A short-term loan might be a good idea for those looking for a smaller loan amount that won’t take them too long to pay back. For example, a short-term loan may be better than a long-term loan for a medical emergency or a new appliance for the home.
But remember, you won’t have a lot of time to pay back a short-term loan. It’s also always important that you look for reputable lenders when shopping around for these loans. There are many lenders out there offering short-term loans with sky-high interest rates, which can escalate your ongoing debt instead of helping to bring it down.
How to get a long-term loan
The process of getting a long-term loan can be quite easy, since everything is usually done online. As long as you have the right tools and documents, you’ll be able to find out whether you qualify for a long-term loan in no time.

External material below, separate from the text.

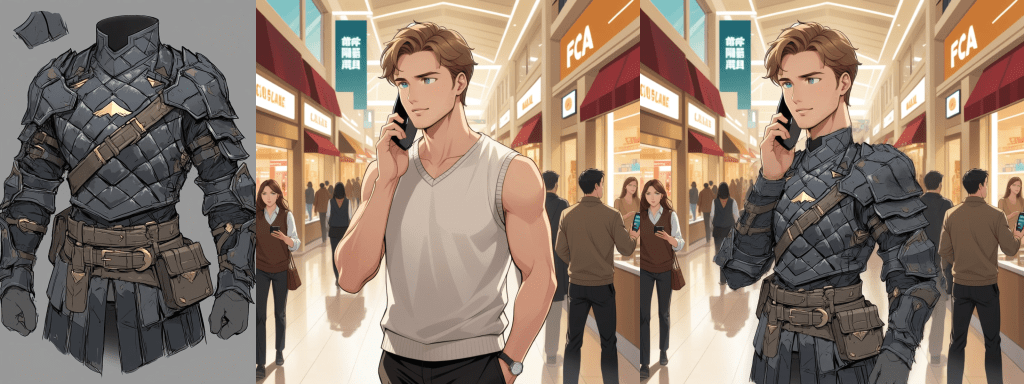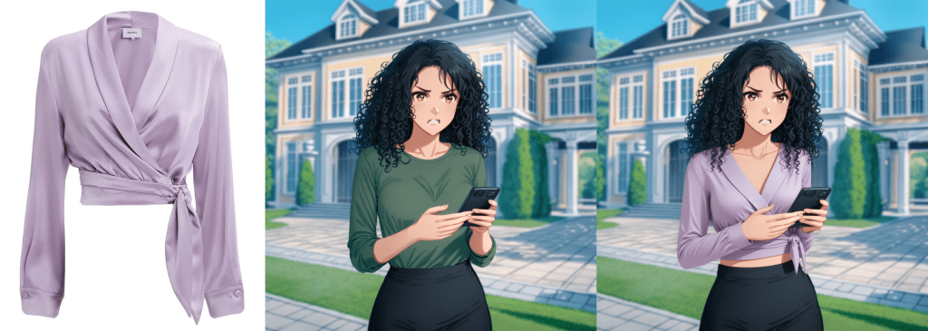 While making comics using generative AI, achieving consistency in clothing and specific objects across panels is essential. It’s easier to do with characters and art style by using LoRAs. But it’s impractical to train a LoRA for clothing because using too many concept LoRAs together creates unwanted artefacts. A character may might wear different outfits in different scenes, so generating the clothing as a part of the character by including it consistently in every image of the LoRA dataset isn’t practical either. We needed a method to upload an image of clothing or an object and transfer it seamlessly into the target image.

Here is a simple guide to the step-by-step process of shopping and applying for a long-term personal loan:
Step 1: Check your credit score: Your credit score will likely come into play when applying for a long-term loan, so it’s best to know what it is before you apply. The good news is you can check your credit score without it costing you anything or impacting your credit.
If your credit score is high, you’ll have a better chance of securing lower interest rates. Even if you have a lower score, this may not ruin your chances of getting a personal loan, though. Lenders also look at your overall credit history, as well as whether you’ve paid your bills on time and how much outstanding debt you have.
Step 2: Shop around. Before deciding on a lender, it’s important to shop around to find your best rates and terms. You can do this by completing a quick and easy personal loan form found online at LendingTree, the parent company to MagnifyMoney. Here, you can compare different personal loan offers by simply filling out basic information, like how you intend to use the loan, how much you want to borrow and where you currently live.
Step 3: Prequalify. After you’ve shopped around, you can see whether you prequalify with the lender of your choice. During the prequalification process, you’ll fill out a form with the lender only using a soft credit pull, so your credit score is not impacted. But prequalifying doesn’t guarantee approval on a loan — to be approved, you’ll also have to complete a full application that includes a hard credit inquiry that can briefly drop your score, though it should bounce back quickly.
Step 4: Apply. Once you’ve prequalified, you will then apply for the loan. The application process will require more than basic information. When you apply, you’ll likely need to provide a photo ID, along with proof that you’re employed and have stable income; other potentially-required documents could include your tax return and bank statements. Depending on the lender, you can usually find out whether you have been approved for a personal loan rather quickly, and could even get the funds the day you are approved.